Media Ethics: Issues and Cases 8th Edition by Philip Patterson, Lee Wilkins

Edition 8ISBN: 978-0073526249
book Media Ethics: Issues and Cases 8th Edition by Philip Patterson, Lee Wilkins cover

Media Ethics: Issues and Cases 8th Edition by Philip Patterson, Lee Wilkins

Edition 8ISBN: 978-0073526249
Exercise 4
Was That an Apple Computer I Just Saw? A Comparison of Product Placement in U.S. Network Television and Abroad
PHILIP PATTERSON
Oklahoma Christian University
Michael Scott, the buffoon-like office manager in the Emmy Award-winning NBC comedy The Office , shows up at casual Friday encouraging his shocked employees to check out his backside in his new Levi's jeans. In the wildly popular ABC drama/comedy Desperate Housewives , Gabrielle (played by Eva Longoria) gets desperate enough for cash to model beside a Buick LaCrosse at a car show and for a mattress firm. In the now-canceled American Dreams , which portrayed American life in the 1960s, such American icons as Campbell's Soup and the Ford Mustang were woven into the show.
Hollywood calls it "brand integration." Its critics-some of them the very writers for shows using product placement-call it much worse.
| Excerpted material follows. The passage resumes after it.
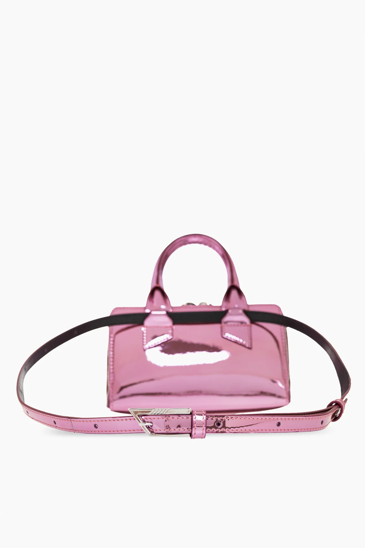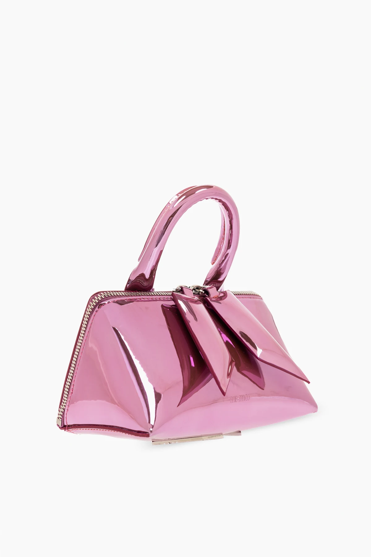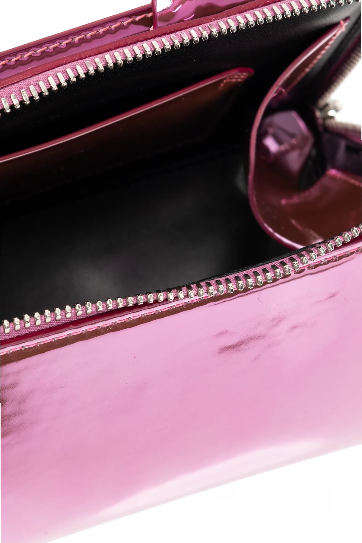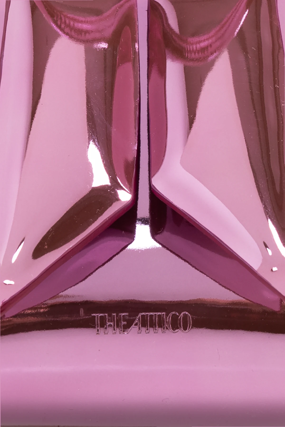 Introducing the "Friday" handbag by The Attico, a symbol of luxury and modern elegance. Crafted from 100% genuine leather, this exquisite piece boasts a shimmering pink hue with a lacquered finish that captures the essence of exclusive accessories. Its rectangular shape with slightly rounded sides presents a sleek and contemporary silhouette that is both sophisticated and versatile. Designed for adaptability, the "Friday" features two handles for hand-carrying and comes with detachable straps for those who prefer an over-the-shoulder look. Noteworthy are the large decorative zipper, intricate stitching along the edges, and contrasting pink trim that add a touch of glamour. The bag's clasp, adorned with sparkling zirconias, elevates its luxurious appeal, while the embossed "THE ATTICO" logo on the front panel signifies its esteemed origin. Why Purchase This Product? Exquisite Material: Made of 100% high-quality leather for durability and elegance. Unique Design: Its lacquered pink color and decorative elements offer a standout fashion statement. Versatility: Equipped with both handles and a detachable strap for multiple carrying options. Luxurious Details: Enhanced with a decorative zipper, zirconias, and the prestigious "THE ATTICO" branding.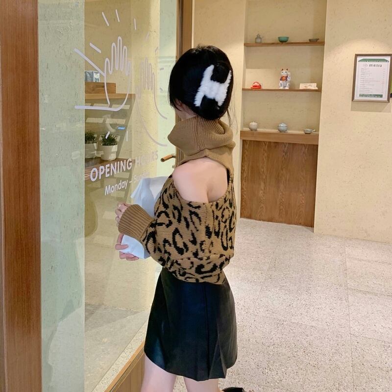 色:Kaレパードセーター,ピンクのヒョウのセーター,アプリコットホワイトショートスカート,黒スカート

But by any name, the phenomenon is growing. During the 2004-2005 television season, more than 100,000 actual products appeared in American network television (up 28 percent in one year) according to Nielsen Media Research, generating $1.88 billion (up 46 percent in a year) according to PQ Media (Manly 2005). Advertising agencies have set up product placement divisions. Research organizations have cropped up to take on the task of measuring the effectiveness of product placement. And television shows in the United States seem to have an insatiable appetite for what they offer.
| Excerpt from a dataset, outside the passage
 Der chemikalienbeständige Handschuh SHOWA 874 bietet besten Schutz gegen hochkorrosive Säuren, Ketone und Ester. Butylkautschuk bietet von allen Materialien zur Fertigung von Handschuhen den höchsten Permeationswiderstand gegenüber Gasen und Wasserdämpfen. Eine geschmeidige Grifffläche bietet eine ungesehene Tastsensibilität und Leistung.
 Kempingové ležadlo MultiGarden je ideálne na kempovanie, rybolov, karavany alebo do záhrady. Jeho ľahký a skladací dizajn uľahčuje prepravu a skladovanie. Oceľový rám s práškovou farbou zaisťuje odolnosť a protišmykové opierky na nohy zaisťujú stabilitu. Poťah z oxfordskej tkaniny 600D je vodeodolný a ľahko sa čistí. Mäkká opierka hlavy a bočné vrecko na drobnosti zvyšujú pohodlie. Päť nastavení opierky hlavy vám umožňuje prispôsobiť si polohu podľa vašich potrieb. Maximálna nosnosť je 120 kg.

"The fact is, these brands are part of our lives, and brands exist in these television environments, so why not showcase them," said Ben Silverman, chief executive of the firm that produces The Office (Manly 2005, A14).
However, not everyone is pleased. In a 2005 meeting in New York during "Advertising Week," television writers protested outside a panel discussing the state of brand integration in television programming. Among their gripes: they want more of a say in how products will be placed and, inevitably, a share of the profits generated from writing a product into the script.
Most see the move as one of survival. Taking a cue from radio and its "soap operas," the original television shows were named for the sponsors ( The Colgate Comedy Hour and Texaco Star Theater ), and the audience had little option but to watch the ads. But while commercials undergirded the television industry for the first 50 years, the advent of the remote, and more recently TiVo have allowed consumers to avoid the very commercials that make the programming free.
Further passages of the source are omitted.